Зина (взяв Федора за локоть):
Здесь.
Ат (читает Федор):
Туман какой-то грусти обволок Зину – ее щеки, прищуренные глаза, дужку на шее, косточку, – и этому как-то способствовал бледный дым ее папиросы. Шаркание прохожих как бы месило сгущавшуюся темноту.
Вдруг, в откровенно ночном небе, очень высоко…
«Смотри, – сказал он. – Какая прелесть!»
По темному бархату медленно скользила брошка с тремя рубинами, – так высоко, что даже грома мотора не было слышно.
Она улыбнулась, приоткрыв губы, глядя вверх.

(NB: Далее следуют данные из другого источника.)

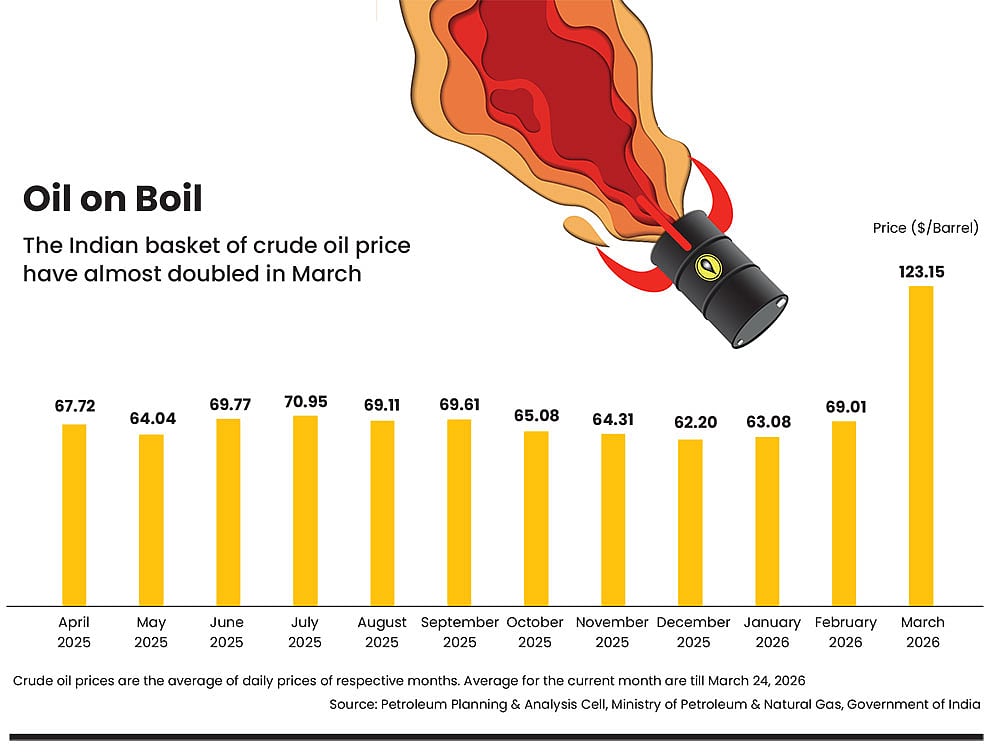 At the heart of the economic disruption is oil. As on March 24, the brent crude price was hovering in the range of $100-105 per barrel in the international market. However, the actual price for India is much higher, considering transportation and other logistics cost. According to Petroleum Planning and Analysis Cell data, the International prices for crude oil (Indian Basket) is $123.15 per barrel in March, almost double compared to the $69.01 per barrel in February 2026.

«Сегодня?» – спросил он, тоже глядя вверх.
Занавес
Акт девятый
Работа судьбы
Открытый вагончик ресторана (шесть столиков) напротив сквера, где цветет армия роз. Вечер. На переднем плане, за столиком сидят Зина и Федор.
Федор:
Вот что я хотел бы сделать. Нечто похожее на работу судьбы в н а ш е м отношении. Подумай, как она за это принялась три года с лишним назад… Первая попытка свести нас: аляповатая, громоздкая! Одна перевозка мебели чего стоила… Тут было что-то такое размашистое, «средств не жалею», – шутка ли сказать, – перевезти в дом, куда я только что въехал, Лоренцов и всю их обстановку! Идея была грубая: через жену Лоренца познакомить меня с тобой, – а для ускорения был взят Романов, позвавший меня на вечеринку к ним. Но тут-то судьба и дала маху: посредник был взят неудачный, неприятный мне, – и получилось как раз обратное: из-за него я стал избегать знакомства с Лоренцами, – так что все это громоздкое построение пошло к черту, судьба осталась с мебельным фургоном на руках, затраты не окупились.
Зина:
Смотри, – на эту критику она может теперь обидеться – и отомстить.
Федор:
Слушай дальше. Она сделала свою вторую попытку, уже более дешевую, но обещавшую успех, потому что я-то нуждался в деньгах и должен был ухватиться за предложенную работу – помочь незнакомой барышне с переводом каких-то документов; но и это не вышло. Во-первых, потому что адвокат Чарский оказался тоже маклером неподходящим, а во-вторых, потому что я ненавижу заниматься переводами на немецкий, – так что опять сорвалось. Тогда-то, наконец, после этой неудачи, судьба решила бить наверняка, то есть прямо вселить меня в квартиру, где ты живешь, и для этого в посредники она выбрала уже не первого попавшегося, а человека, не только мне симпатичного, но энергично взявшегося за дело и не давшего мне увильнуть.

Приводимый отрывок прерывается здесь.